2015-05-18 Thread Owen O'Malley
I think that it is past time for Hive to have a stable and next branch.
Every release from Hive 0.11 to Hive 1.2 has been a major release in terms
of changes and functionality. Part of what we've been missing is a way of
making stable releases that don't move as fast and supports the customers
with minor new features, but no big sweeping changes. That will be a win
for users.

I'm +1 on Alan's plan of making a new release branch.

.. Owen


Re: [DISCUSS] Supporting Hadoop-1 and experimental features

2015-05-18 Thread Sergey Shelukhin
I think we need some path for deprecating old Hadoop versions, the same
way we deprecate old Java version support or old RDBMS version support.
At some point the cost of supporting Hadoop 1 exceeds the benefit. Same
goes for stuff like MR; supporting it, esp. for perf work, becomes a
burden, and it’s outdated with 2 alternatives, one of which has been
around for 2 releases.
The branches are a graceful way to get rid of the legacy burden.

Alternatively, when sweeping changes are made, we can do what Hbase did
(which is not pretty imho), where 0.94 version had ~30 dot releases
because people cannot upgrade to 0.96 “singularity” release.
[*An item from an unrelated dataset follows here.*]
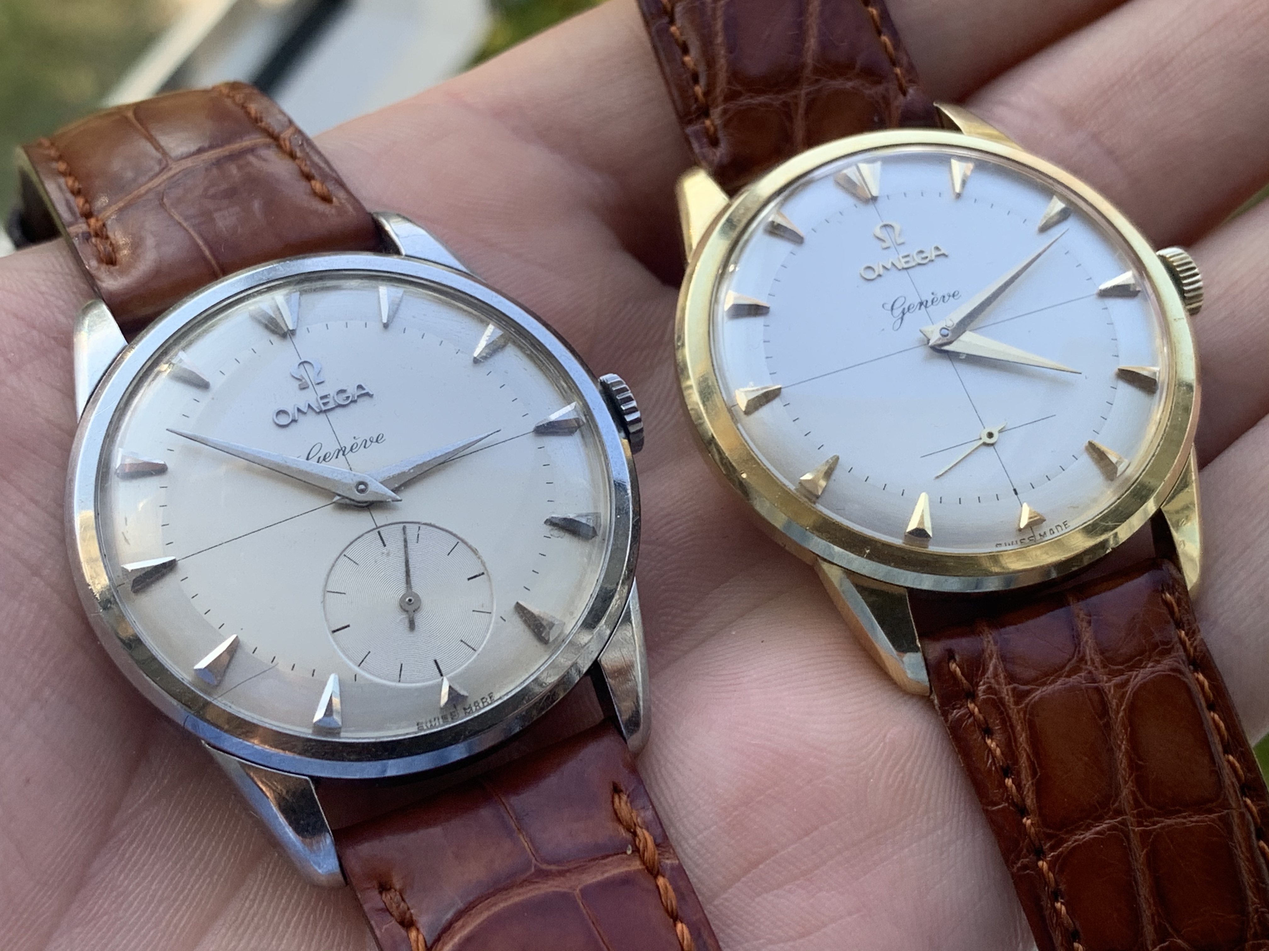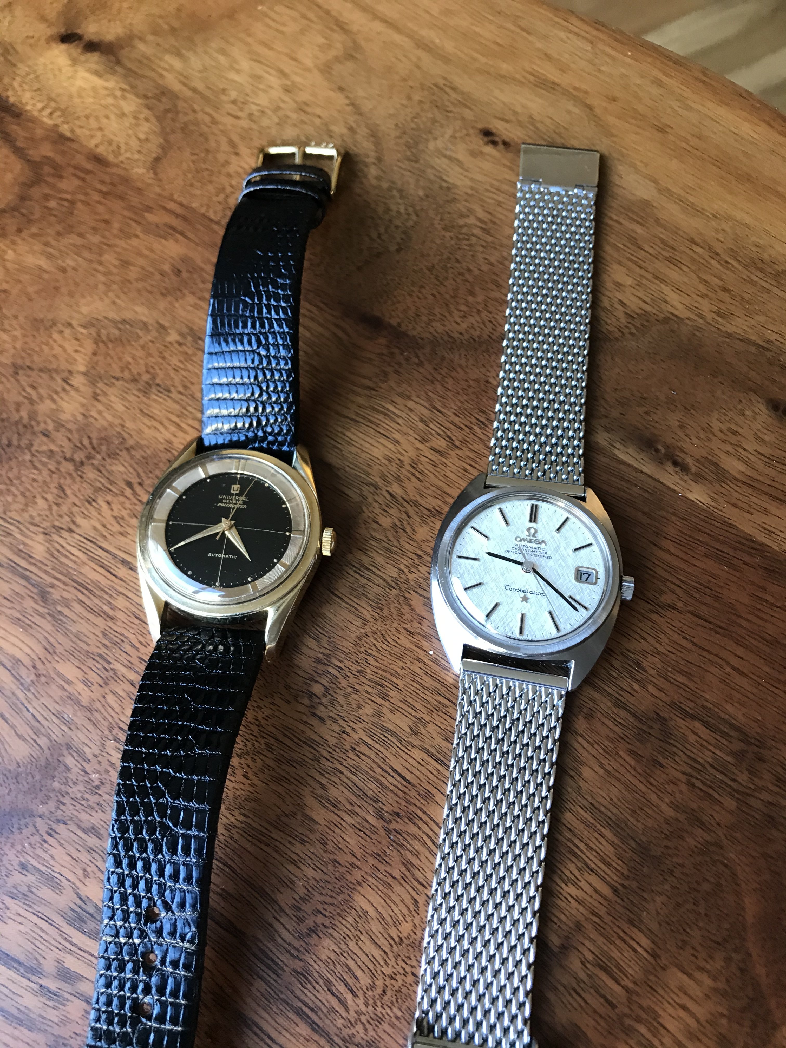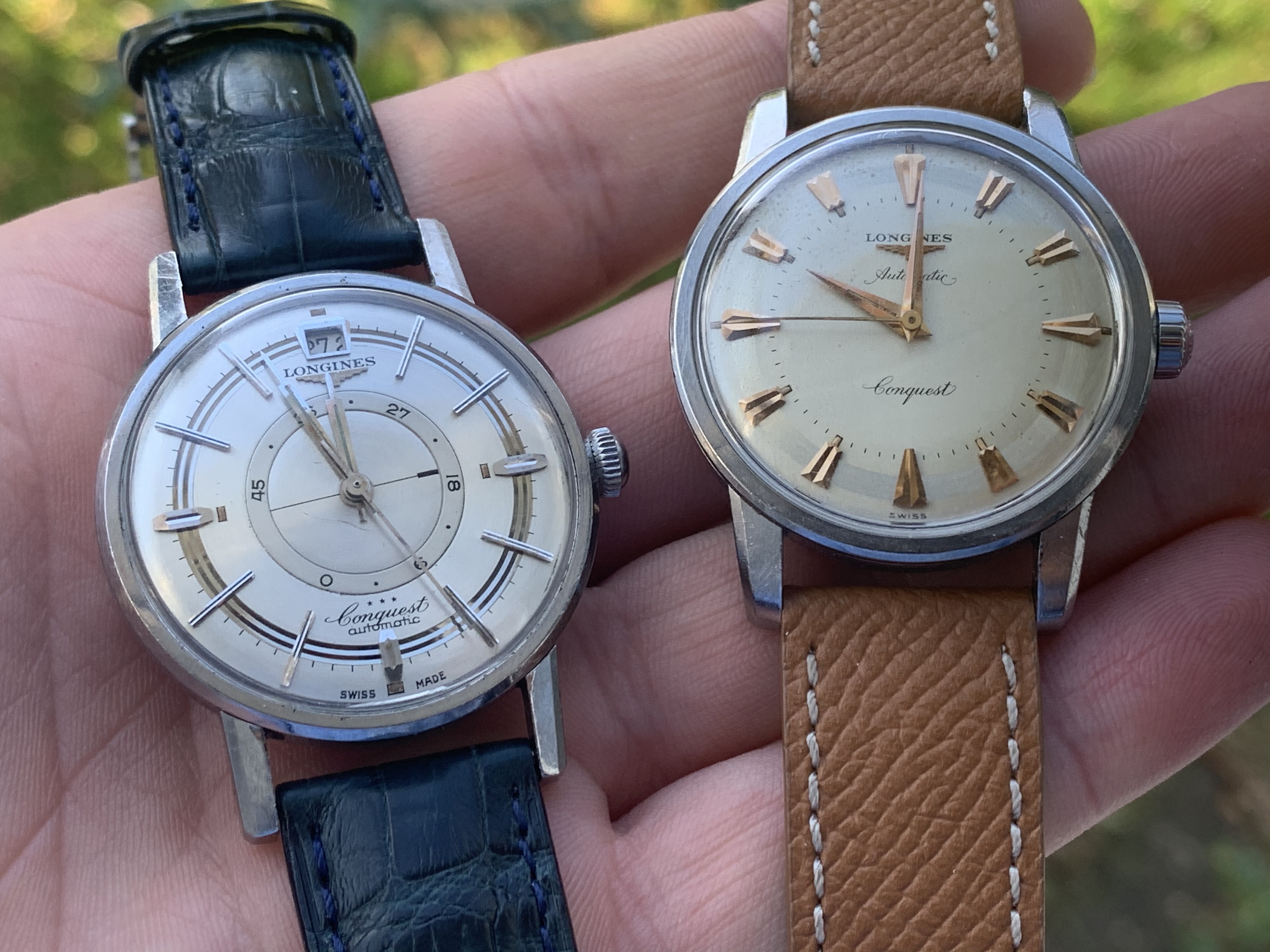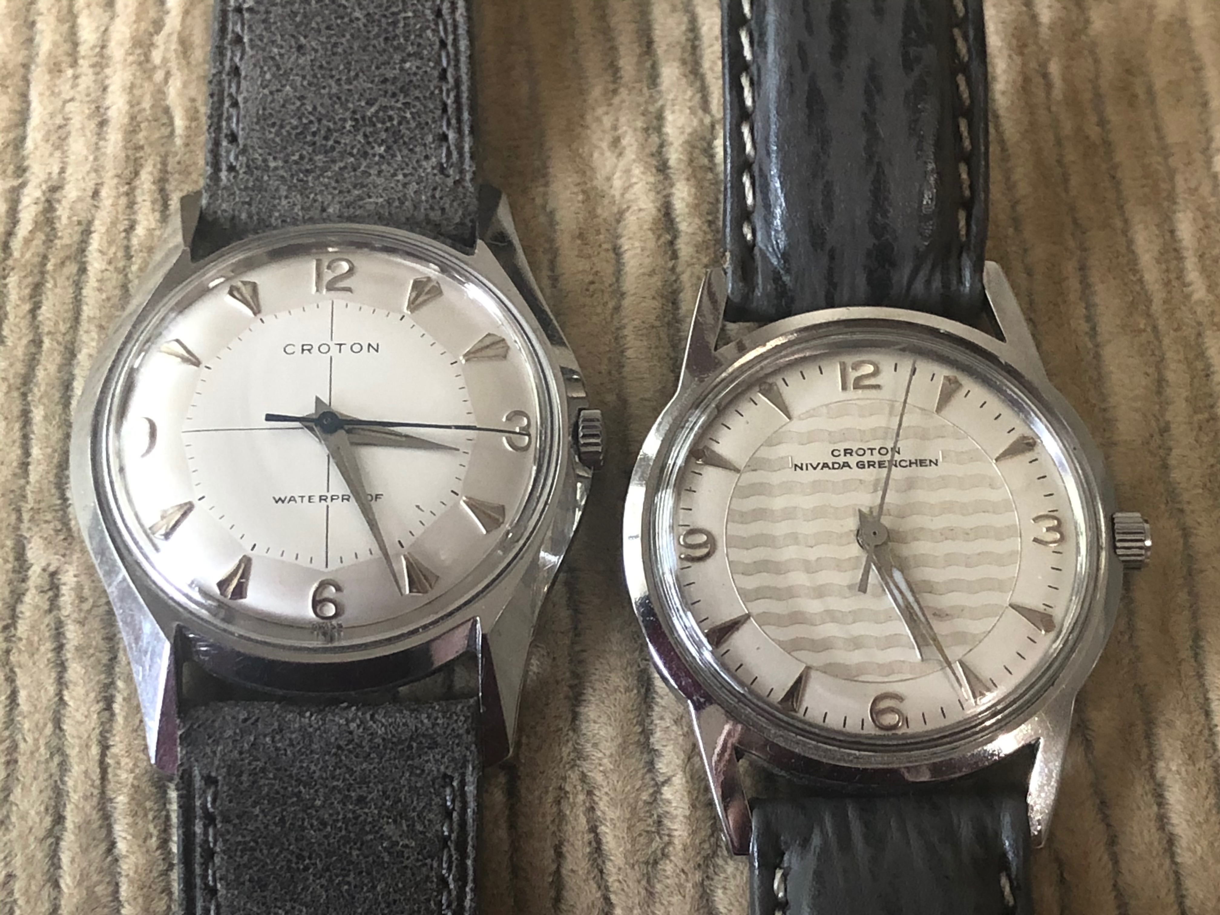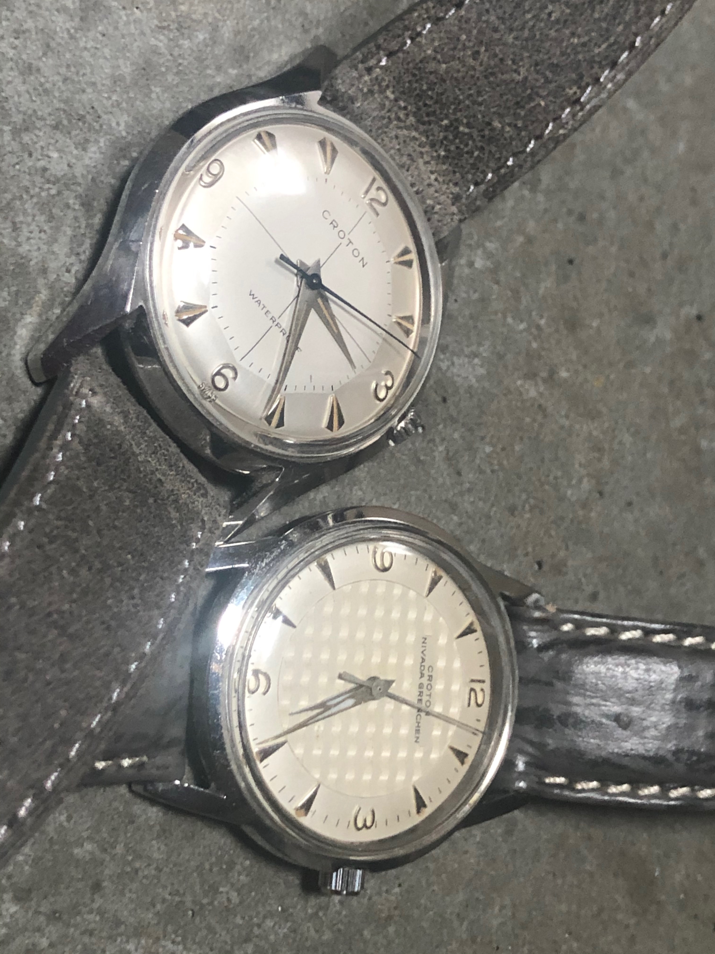 A pair of Croton/Nivada Grenchen watches. Two of my favorites. Manual wind. No date. Strap them on, set the time, and go! Look good with a variety of straps, but I have settled on liking these:

I posit that people who run Hadoop 1 and MR at this day and age (and more
so as time passes) are people who either don’t care about perf and new
features, only stability; so, stability-focused branch would be perfect to
support them.


On 15/5/18, 10:04, Edward Capriolo edlinuxg...@gmail.com wrote:

Up until recently Hive supported numerous versions of Hadoop code base
with
a simple shim layer. I would rather we stick to the shim layer. I think
this was easily the best part about hive was that a single release worked
well regardless of your hadoop version. It was also a key element to
hive's
success. I do not want to see us have multiple branches.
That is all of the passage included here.